Bacterial endosymbionts are very common in terrestrial arthropods, but infection levels vary widely among populations. Experiments and within-species comparisons suggest that environmental temperature might be important in explaining this variation. To investigate the importance of temperature, at broad geographical and taxonomic scales, we extended a global database of terrestrial arthropods screened for Wolbachia and Cardinium. Our final dataset contained data from more than 117 000 arthropods (over 2500 species) screened for Wolbachia and more than 18 000 arthropods (over 800 species) screened for Cardinium, including samples from 137 different countries, with mean temperatures varying from -6.5 to 29.2°C. In insects and relatives, Cardinium infection showed a clear and consistent tendency to increase with temperature. For Wolbachia, a tendency to increase with temperature in temperate climates is counteracted by reduced prevalence in the tropics, resulting in a weak negative trend overall.

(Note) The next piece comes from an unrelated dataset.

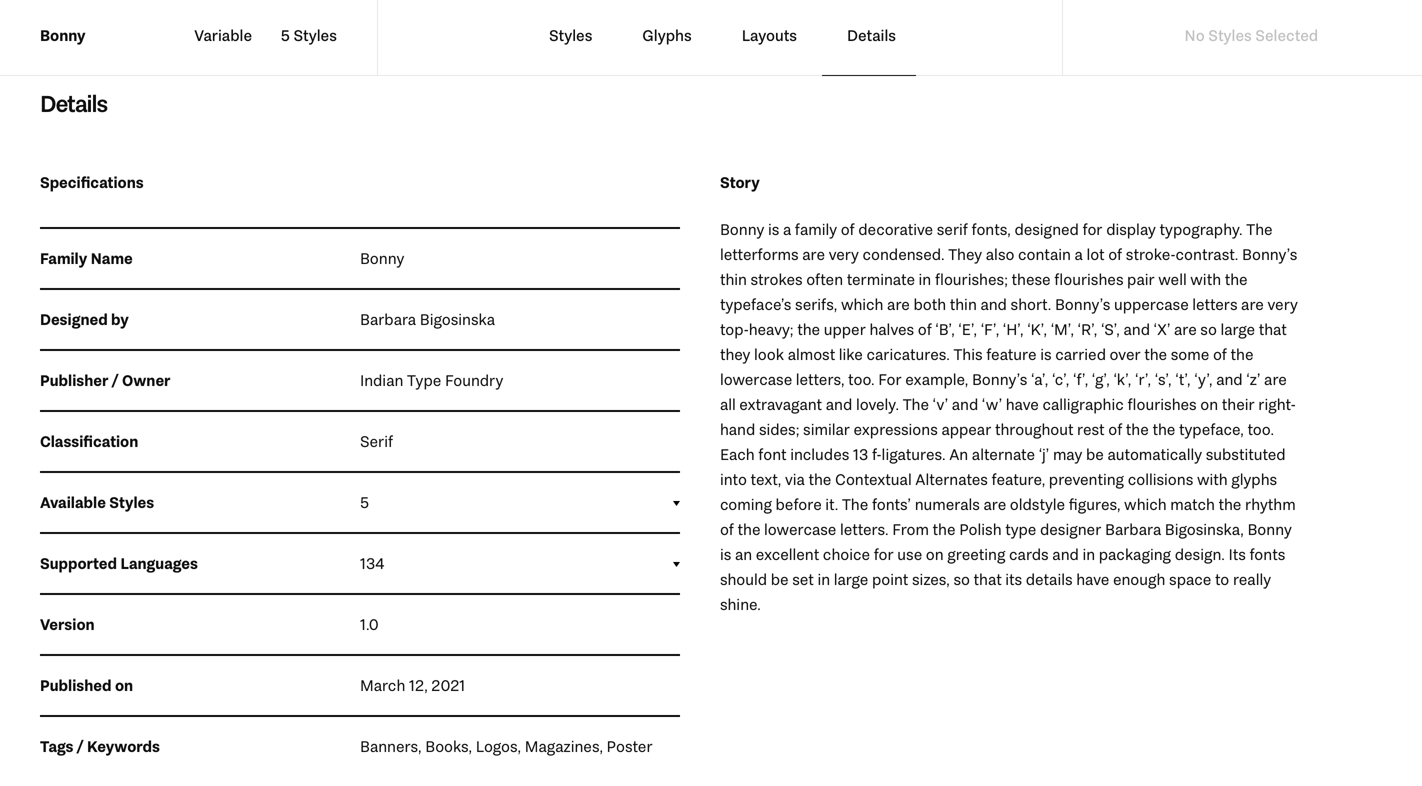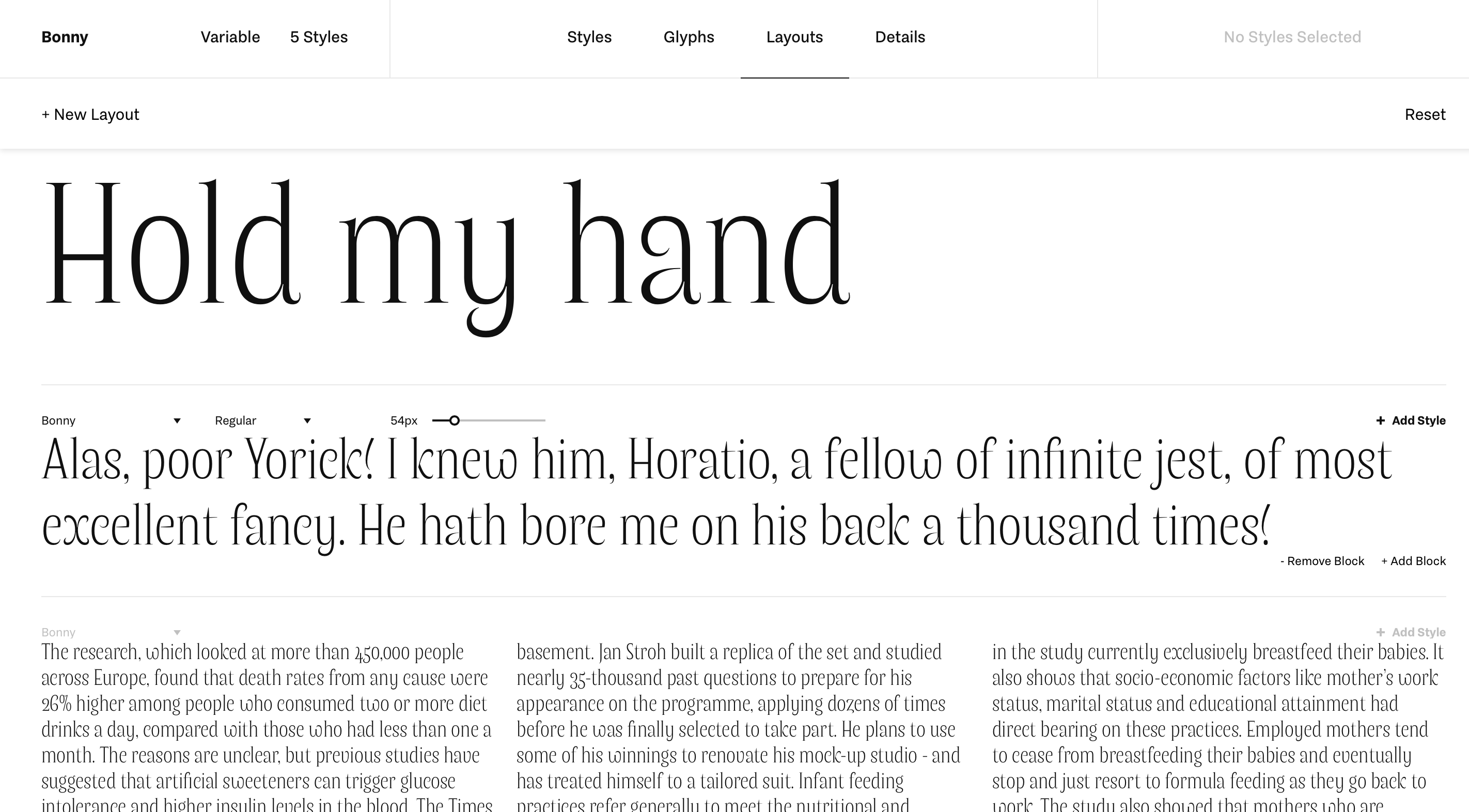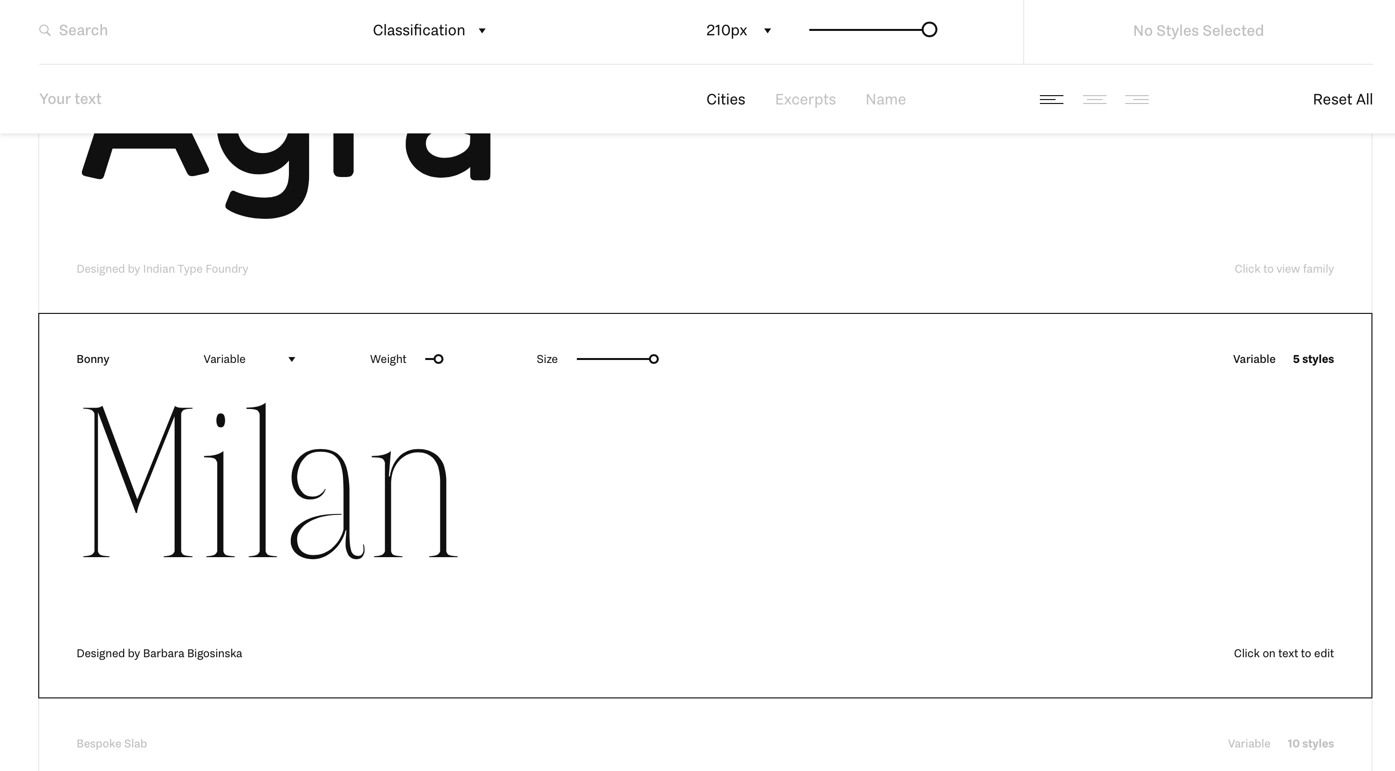과연 전문가 집단이 만든 무료폰트 플랫폼답게, 정말 상세하게 글꼴을 살펴보고, 여러가지 사이즈와 레이아웃으로 테스트해볼 수 있는 기능도 지원합니다. 아래 "Milan"이라고 나와있는 "Bonny"라는 폰트가 있습니다.

We discuss the implications of these results for natural and introduced symbionts in regions affected by climate change.

Introduction

Bacterial endosymbionts can exert profound effects on their hosts, for example, by manipulating host reproductive biology to maximize their own vertical transmission [1-3]. Infection with such symbionts is very widespread among arthropods, with the genera Wolbachia and Cardinium having been estimated to infect, respectively, around 50 and 12.5% of all terrestrial arthropod species [3]. Nevertheless, symbiont prevalence (i.e. the proportion of infected individuals within a population) varies widely, and the reasons for this remain unknown. Several factors may shape variation in prevalence, including costs of reproductive parasitism [4], benefits of protection against viral pathogens [5] or host dispersal patterns [6]. Another putative influence on endosymbiont prevalence is environmental temperature [7]. Laboratory studies suggest that endosymbionts are more susceptible to thermal stress than their hosts [8-10], and the physiological costs or benefits of endosymbiont carriage or transmission might be temperature-sensitive [7]. Positive temperature clines have been observed for Cardinium infection in Culicoides midges in Israel [11], for the global prevalence of Wolbachia infection in Lepidoptera, and across tropical/temperate gradients in Australian Diptera [12-14]. However, these are isolated results, and the prevalence of Wolbachia in insect populations, for example, remains remarkably constant across broad continental scales [15].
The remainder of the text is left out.